(Stored items)
· · · ·
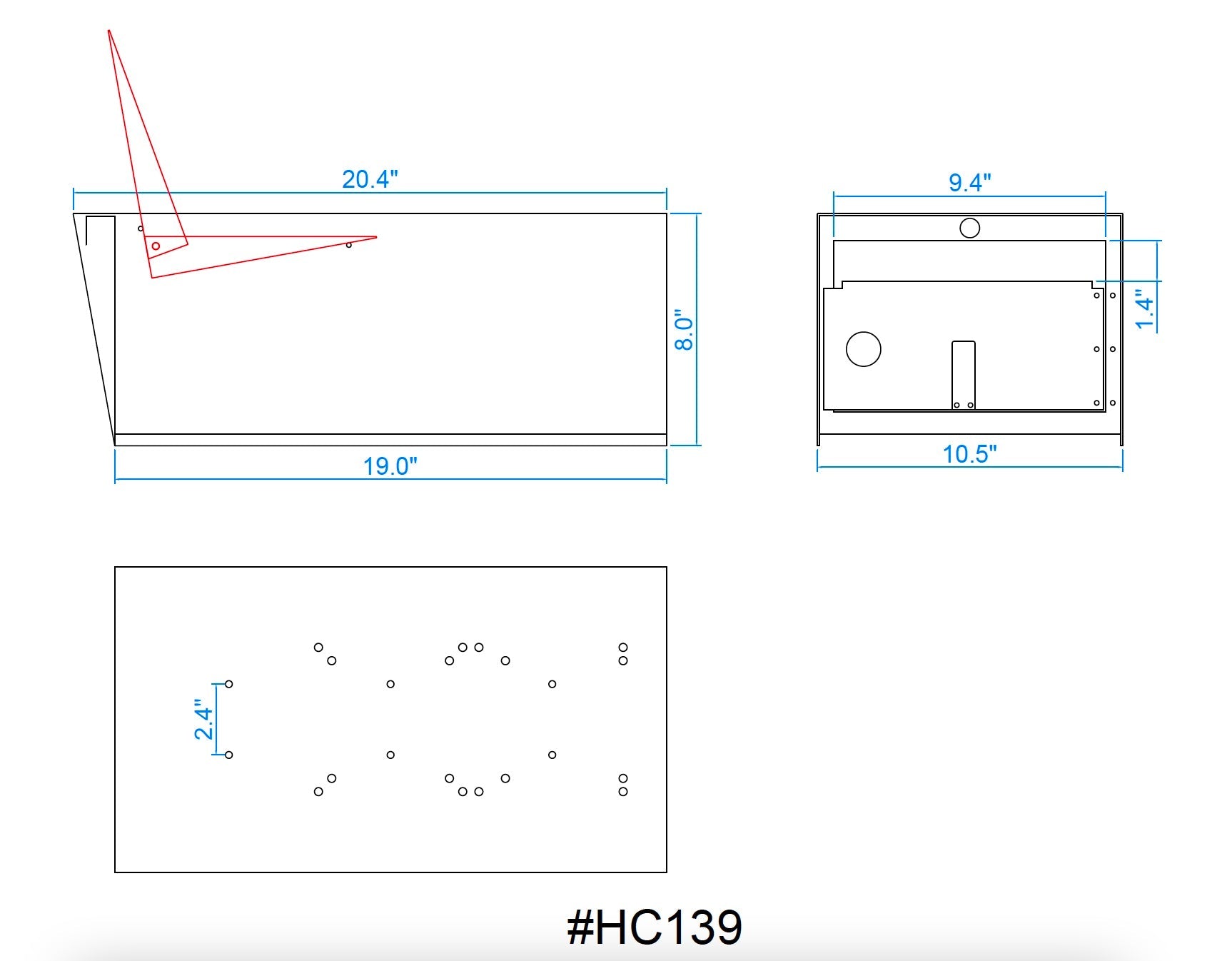 | Mailbox Length | ~20.4” (top) to 19.0” (bottom) |
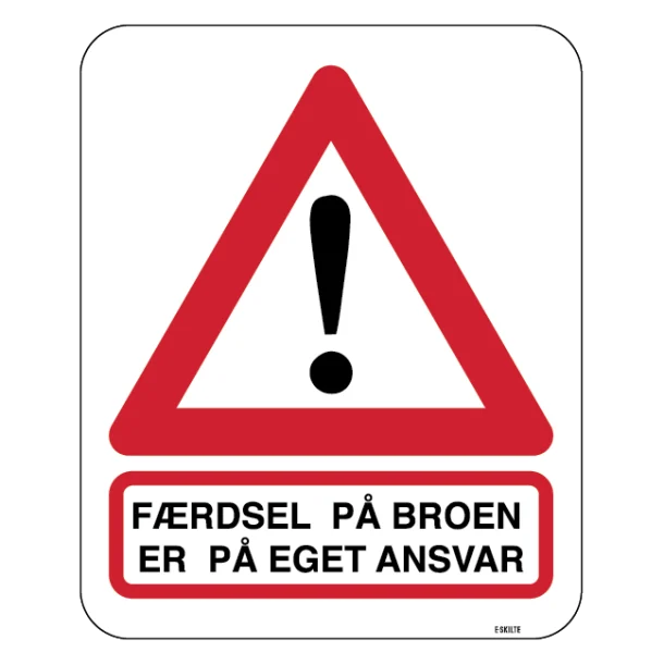 Uanset om du skal bruge skiltet til private broer, virksomhedens ejendomme eller offentlige områder, så leverer vi et produkt, der står for sikkerhed og klarhed. Ansvarsfraskrivelsen bliver tydeligt markeret for alle brugere af broen, hvilket kan være afgørende i tilfælde af hændelser.
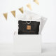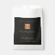 Luxury elegant black leather look thank you favour bag with a gold glitter monogrammed square and personalised name signature.
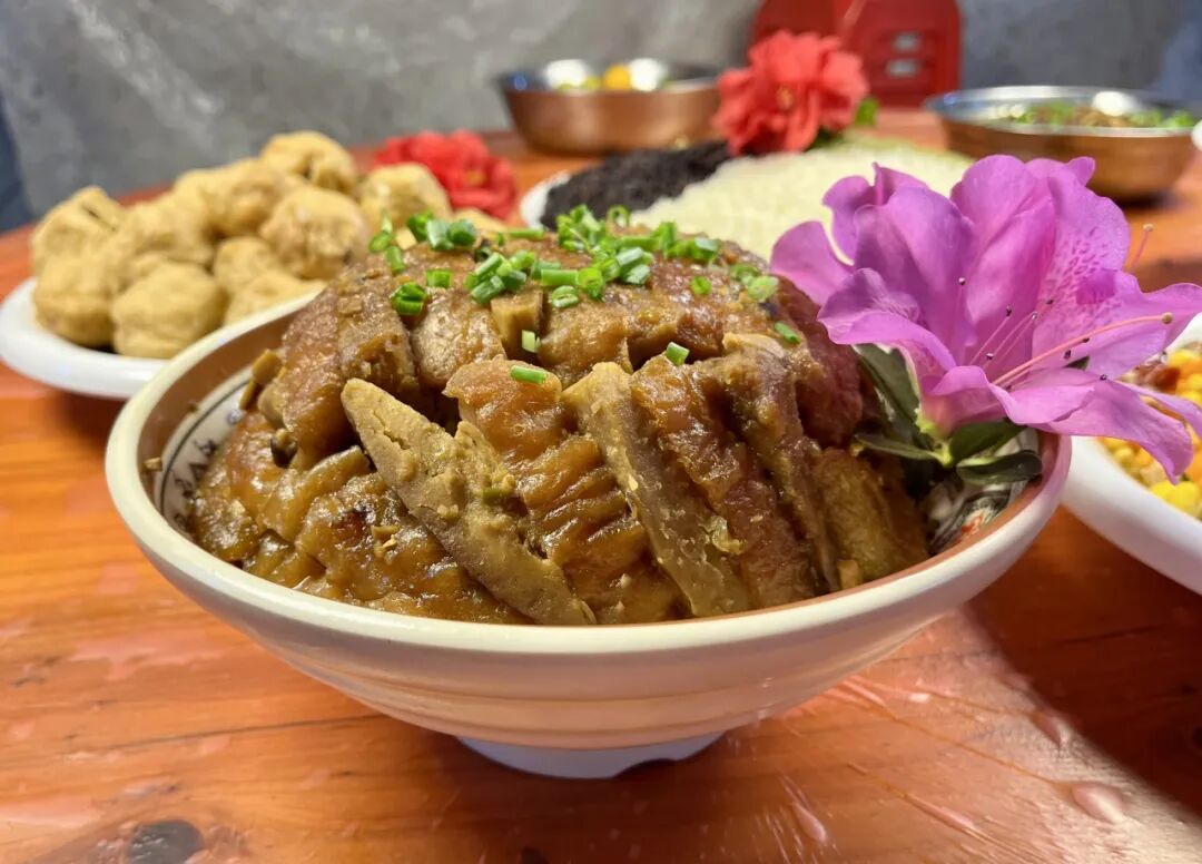 “芋头携泥烹美味,一家蒸扣四邻香。”选取上好肥瘦相间的五花肉,经过水煮、油炸、切块、酱料匀捞,再与切成尺寸相近的块状芋头,相间拼摆在海碗中,放入蒸锅以旺火蒸熟,上桌时再用圆碟倒翻,谓之“扣”。吃时芋头与花肉成双入口,芋粉肉香,既香且糯,入口即化。
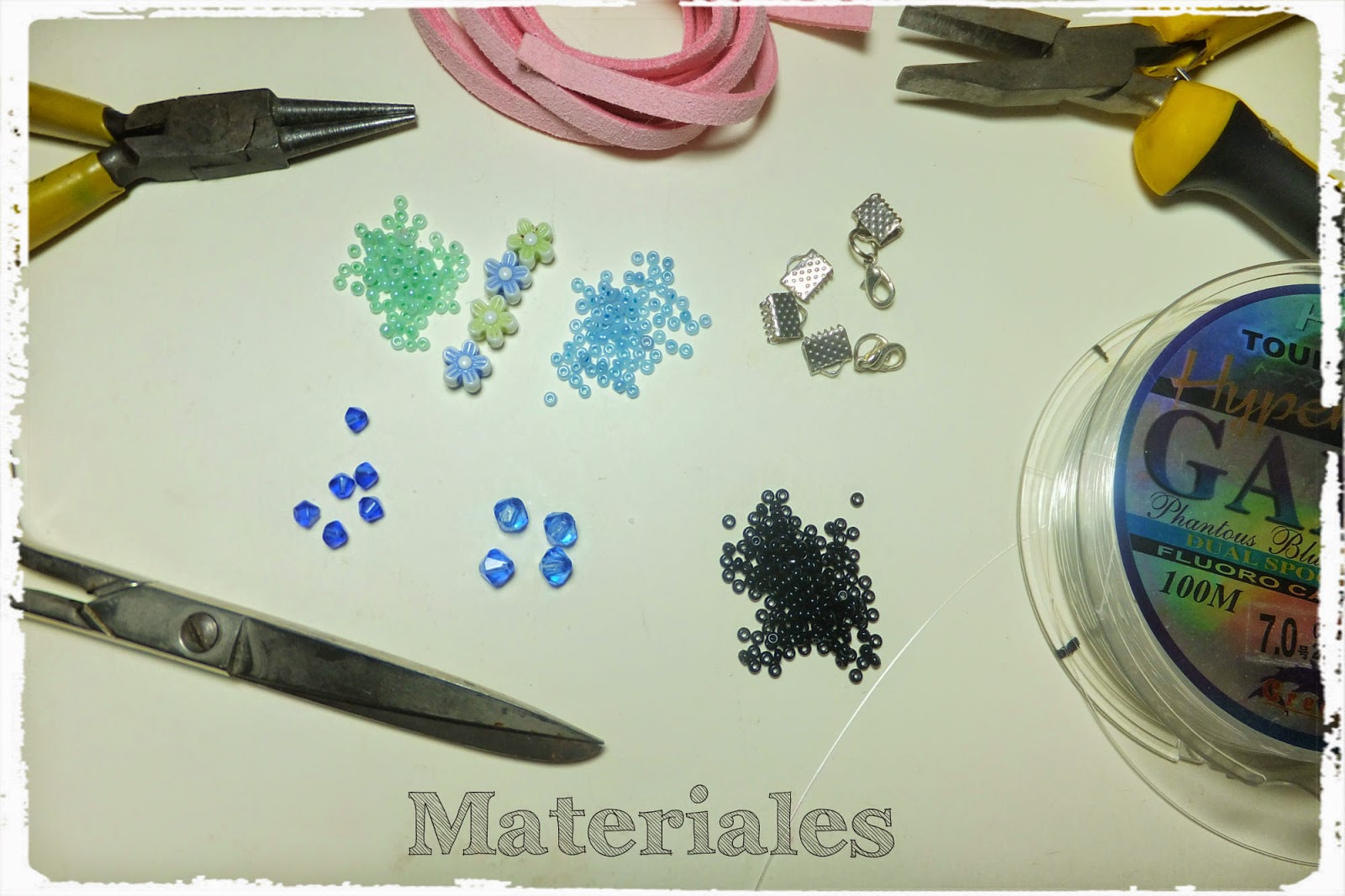 Necesitais el siguiente material; Cordón de cualquier material que sea plano, abalorios, rocallas, cierres de chafa, hilo de Nylon, tijeras, alicates de punta redonda y planos.
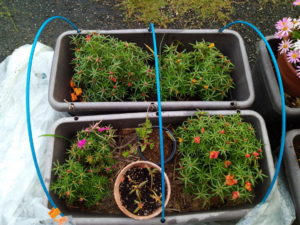 右: 雨が苦手なポーチュラカも農ビの下で夜を過ごしました。
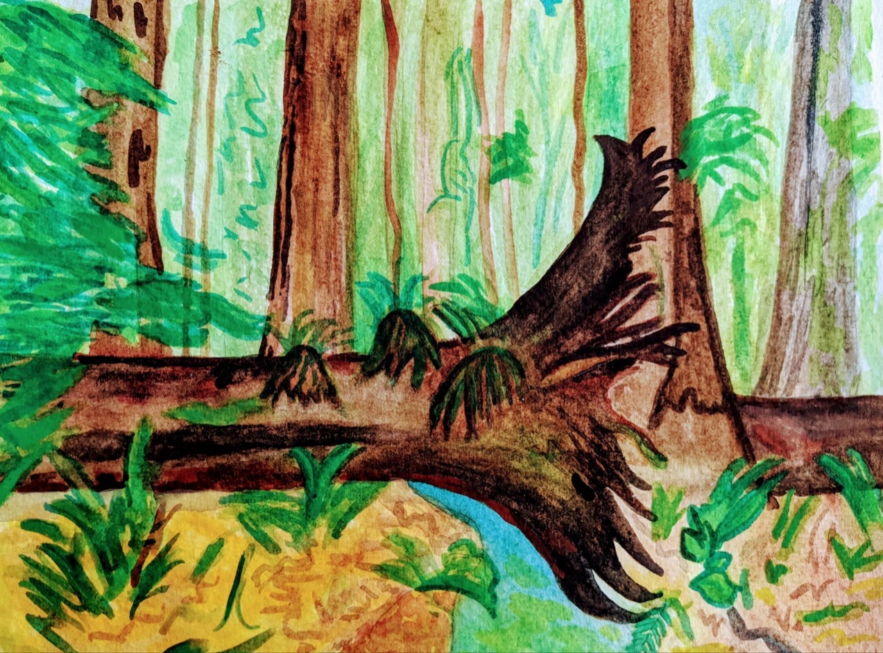 Near the path, one of the tall maples has fallen. It is early spring, so the crimped maroon flowers are just emerging. Here and there slabs of the bark have exploded away in the impact of its landing. But, mostly, it lies as it stood, though not such a net for the wind as it was. What is it now? What does it signify? Not Indolence, surely, but something, all the same, that balances with Ambition.
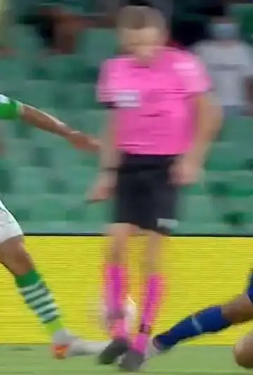 En un intento por quitarle el balón a un rival del Betis, Casemiro se fue al puso con todo y derribó al árbitro. Iban 57 minutos de juego y el partido todavía era empate sin goles. Por suerte, el juez, Fernández Fernández, se lo tomó bien.
· · · ·
_Your task_: Of the lines above, copy only those from the one holding "Necesitais el siguiente" to the one holding "右: 雨が苦手なポーチュラカも農ビの下で夜を過ごしました。", both included, and exclude every image.

_Task solution_:
 Necesitais el siguiente material; Cordón de cualquier material que sea plano, abalorios, rocallas, cierres de chafa, hilo de Nylon, tijeras, alicates de punta redonda y planos.
 右: 雨が苦手なポーチュラカも農ビの下で夜を過ごしました。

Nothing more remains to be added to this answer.